According to the experimental results obtained here, the hypothesis that bending has an impact on the hydraulic conductivity of branches or stems was rejected, even for large and sustained deformations. Long-term effects reported in the literature were possibly due to the formation of new reaction wood in the branches. Nevertheless, a new physical phenomenon in trees was discovered and measured. Transient bending of shoots generates a rapid and transient flow of water, which induces a pressure pulse that is able to propagate along the vascular system. Elastic beam theory cannot explain this behaviour. The origin of this hydraulic pulse is probably a form of non-linear poroelastic behaviour of the wood cellular structure. Investigations are now focusing on the possible mechanisms using microfluidic synthetic beams that mimic natural branches.

This strain-induced hydraulic pulse may be the postulated rapid long-distance signal of plant mechanical stress when branches and stems bend rapidly such as in the wind. Hydraulic pulses were propagated along the vascular system of the xylem to both the upper and lower regions of the stem. As a signalling process, this could be an efficient way to transport mechanical information to the extreme organs such as leaves, roots, and apices. The physiological or molecular responses to this transient pressure increase can now be investigated.

Supplementary data

Supplementary data are available at JXB online.

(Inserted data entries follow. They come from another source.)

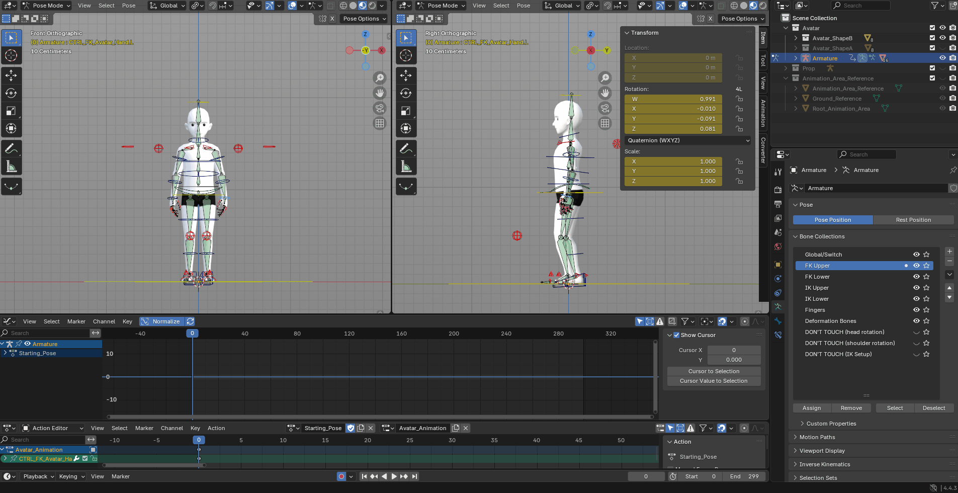 • The emote must have one animation for the avatar and one animation for the prop. Currently multiple animations are not allowed.
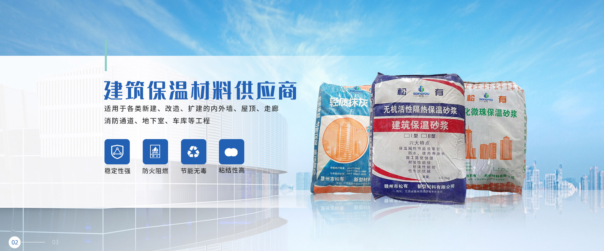 江西松有新型材料有限公司,主要從事保溫材料、防水材料銷售,兼營(yíng)建筑材料、裝飾材料和金屬材料等銷售,主要產(chǎn)品有巖晶砂、高分子益膠泥、輕質(zhì)抹灰砂漿石膏、防滲抗裂砂漿、?;⒅楸厣皾{、砌塊砌筑粘接劑、無(wú)機(jī)活性隔熱保溫砂漿、加氣磚專用砌筑砂漿等。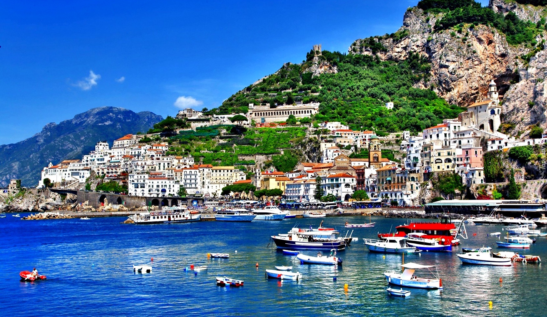 Edytor tapety: Włochy, Salerno, Góry, Motorówki, Jachty, Łódki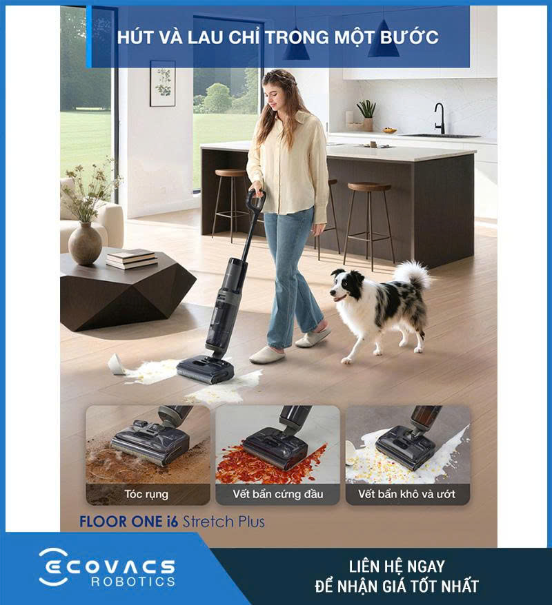 - Dọn sạch nhanh chóng cả nhà trong một bước – hút bụi và lau sàn cùng lúc giúp tiết kiệm thời gian.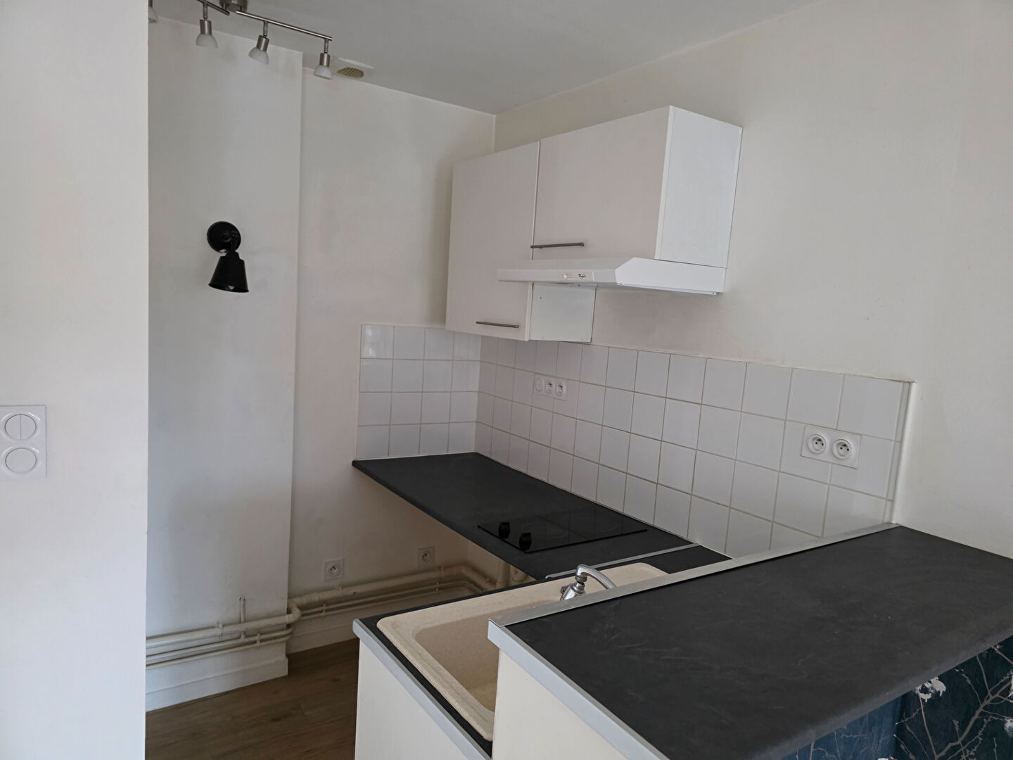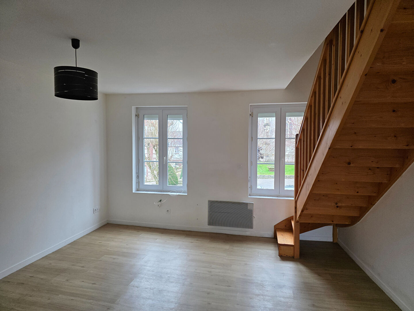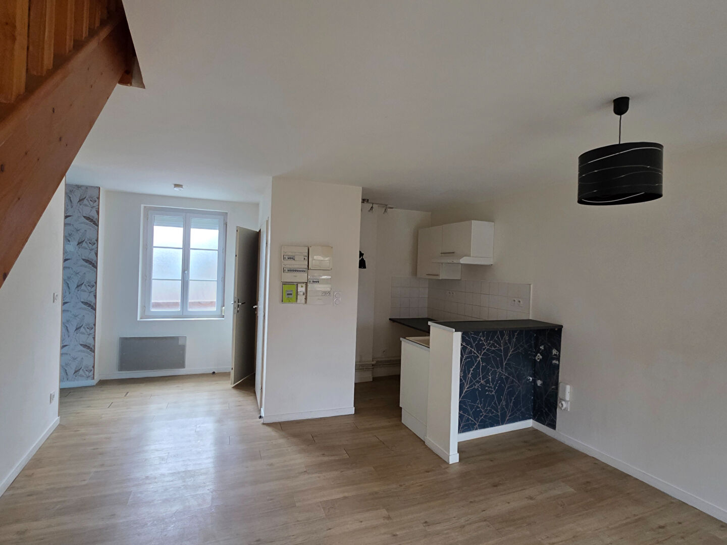 Doudeville centre au dessus de la Poste : Appartement en duplex d'environ 42 m²,au deuxième étage d'un immeuble sans ascenseur offrant : Au premier niveau : Un séjour, une cuisine aménagée et équipée (évier, plaques et hotte) Au second niveau : une chambre, et une salle de douche avec WC Disponible de suite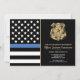 Este design apresenta uma bandeira da força policial com listras pretas e brancas e uma faixa fina azul também. O distintivo da polícia e o texto em ouro ficam acima de todos os detalhes da festa para a aposentadoria do oficial de aplicação da lei, xerife, capitão ou chefe de polícia.

Table S1. F-values for repeated measures analysis of variance of the magnitude of the signal, half-time of recovery, volume of water involved in each step of the bending process, and maximum longitudinal strain. ns, not significant, *P<0.05, **P<0.01, ***P<0.001.

Video S1. Expulsion and re-absorption of water at the extremity of a branch (Carpinus betulus L.) during bending and during the return to the upright position, respectively. Water appears on the side of the xylem that is under compression, starting in the most strained region.